Another major consideration, something that I call deal mix. Now deal mix is very thoughtful. And it’s also very practical. Deal mix can be defined as the proportion of each of the three paths that you choose in your business. So for instance, let’s say last year, maybe you bought to long term holds, you flipped three properties and your wholesale for that would be your deal mix, two holes, three flips for wholesales. Maybe this year, you’re attracted by six holds flip one and assign five that’s a very different deal next, for this year than last year. So every Thoughtful Real Estate Entrepreneur’s business has a different recipe for success, a different deal mix that makes sense for their business and their particular goals. So how do you know the deal mix recipe that’s right for your business? Well, it depends on what you need. Because each of these three paths offer you generally different things. A wholesale deal is going to give you shorter term, smaller cash infusions, but they’re going to be immediate. That’s like getting a payday today. If you buy something to resell it, it’s going to be a more of a medium term proposition, you’re probably going to get a bigger cash infusion then you would have gotten from wholesaling it, usually. But you’re going to get your proceeds in a few months. So it’s like scheduling a payday for tomorrow.
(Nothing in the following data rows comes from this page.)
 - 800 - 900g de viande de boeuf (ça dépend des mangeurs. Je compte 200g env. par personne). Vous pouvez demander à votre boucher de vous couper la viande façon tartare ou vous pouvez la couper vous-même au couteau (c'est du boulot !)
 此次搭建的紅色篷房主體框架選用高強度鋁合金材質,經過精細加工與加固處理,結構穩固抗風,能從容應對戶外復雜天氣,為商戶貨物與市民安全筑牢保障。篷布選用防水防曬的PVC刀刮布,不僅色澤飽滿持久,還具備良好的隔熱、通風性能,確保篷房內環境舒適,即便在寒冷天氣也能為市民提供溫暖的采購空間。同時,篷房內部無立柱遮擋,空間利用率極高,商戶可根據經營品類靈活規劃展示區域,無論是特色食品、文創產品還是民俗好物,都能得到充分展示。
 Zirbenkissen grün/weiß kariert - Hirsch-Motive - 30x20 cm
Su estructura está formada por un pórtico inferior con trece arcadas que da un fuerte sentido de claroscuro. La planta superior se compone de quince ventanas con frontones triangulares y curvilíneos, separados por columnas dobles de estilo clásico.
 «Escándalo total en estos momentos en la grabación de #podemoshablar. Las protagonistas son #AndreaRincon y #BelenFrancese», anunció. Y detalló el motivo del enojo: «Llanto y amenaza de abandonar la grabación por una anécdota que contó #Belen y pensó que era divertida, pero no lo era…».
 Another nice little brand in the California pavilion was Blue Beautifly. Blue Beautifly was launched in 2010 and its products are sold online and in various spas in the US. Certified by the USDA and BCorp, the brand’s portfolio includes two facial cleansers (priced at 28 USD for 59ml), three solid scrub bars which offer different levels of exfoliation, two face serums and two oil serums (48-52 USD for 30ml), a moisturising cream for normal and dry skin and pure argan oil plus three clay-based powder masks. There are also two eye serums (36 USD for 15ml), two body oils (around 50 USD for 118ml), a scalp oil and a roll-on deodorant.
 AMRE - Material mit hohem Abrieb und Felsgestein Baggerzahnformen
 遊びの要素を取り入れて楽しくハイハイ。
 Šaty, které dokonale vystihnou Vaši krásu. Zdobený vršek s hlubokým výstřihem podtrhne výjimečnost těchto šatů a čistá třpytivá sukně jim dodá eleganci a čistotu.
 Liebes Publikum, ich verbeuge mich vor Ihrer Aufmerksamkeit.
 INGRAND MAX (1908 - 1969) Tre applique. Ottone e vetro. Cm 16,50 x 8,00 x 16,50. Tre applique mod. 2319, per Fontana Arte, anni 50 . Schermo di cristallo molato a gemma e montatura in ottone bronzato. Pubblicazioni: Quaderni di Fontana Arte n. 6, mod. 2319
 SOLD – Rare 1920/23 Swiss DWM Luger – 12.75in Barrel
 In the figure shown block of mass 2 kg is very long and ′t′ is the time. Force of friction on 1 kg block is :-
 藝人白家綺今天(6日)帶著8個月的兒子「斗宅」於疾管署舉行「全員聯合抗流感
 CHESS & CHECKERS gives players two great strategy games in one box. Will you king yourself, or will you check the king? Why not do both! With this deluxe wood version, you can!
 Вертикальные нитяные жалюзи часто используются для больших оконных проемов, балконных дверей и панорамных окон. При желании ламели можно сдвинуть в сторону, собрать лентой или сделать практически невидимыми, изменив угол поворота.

The third category buying to hold, it is a much longer term proposition. It’s not going to generate a big cash infusion for you for a long time, you know, if ever, but there’s going to be some level of cash flow now and slowly growing equity and whatnot over time. So this is more of a wealth play. So the question becomes, what is the mix of paydays today, paydays tomorrow, and long term wealth that you need to make your vision for your business life? For me personally, my deal mix has been heavily weighted, and over the course of my business towards long term holds, that’s where my heart is in building wealth. And I’ve really just done flips and wholesale assignments when the opportunities have presented themselves. But now as my team grows, I’m feeling like I need to do more deals, that will generate frequent cash infusions. So we’re starting to be much more deliberate about trying to do more flips, and more wholesale deals, to continue to stabilize our own business model.

Another major consideration is the resources that you have available to and just how available they are at this exact moment. doing a project obviously takes money, it takes effort, it takes time takes team resources, like your contractors, your resources, sometimes they’re busy, and sometimes they’re available. And sometimes one resources available when the other one is busy. And that changes dynamically all the time, you know, your money might be free today, but your team might be up to their eyeballs in projects already. In my case, I have an amazing relationship with my construction resources. One that I wouldn’t trade for anything, but it’s also not infinitely scalable. So I have to be really thoughtful about when I take on big projects with huge construction needs, because my people can’t be everywhere at once. So that’s a big consideration for me. But ultimately, you look at all these considerations. And you say, given all these considerations, what is the best path for me to take right now, one of the best things about the Triple Threat acquisition strategy is that it allows you to leave your options open as long as possible, you should be able to leave your options open and not necessarily decide which of the three paths you’re going to take, even throughout most of your escrow and due diligence process. During that time, you’re going to be gathering the information you need and sorting through all the considerations to decide which path is going to be best for this particular deal. But what’s also really cool is that when you’ve teed up a great opportunity, one that does have a lot of flexibility, a lot of times you have the ability to even choose the path after you’ve closed on the property. If the options are, are there, you don’t have to necessarily decide before you buy it, you know that the options are there, which gives you the confidence to buy it. And then you can choose the path even after you’ve already closed on it.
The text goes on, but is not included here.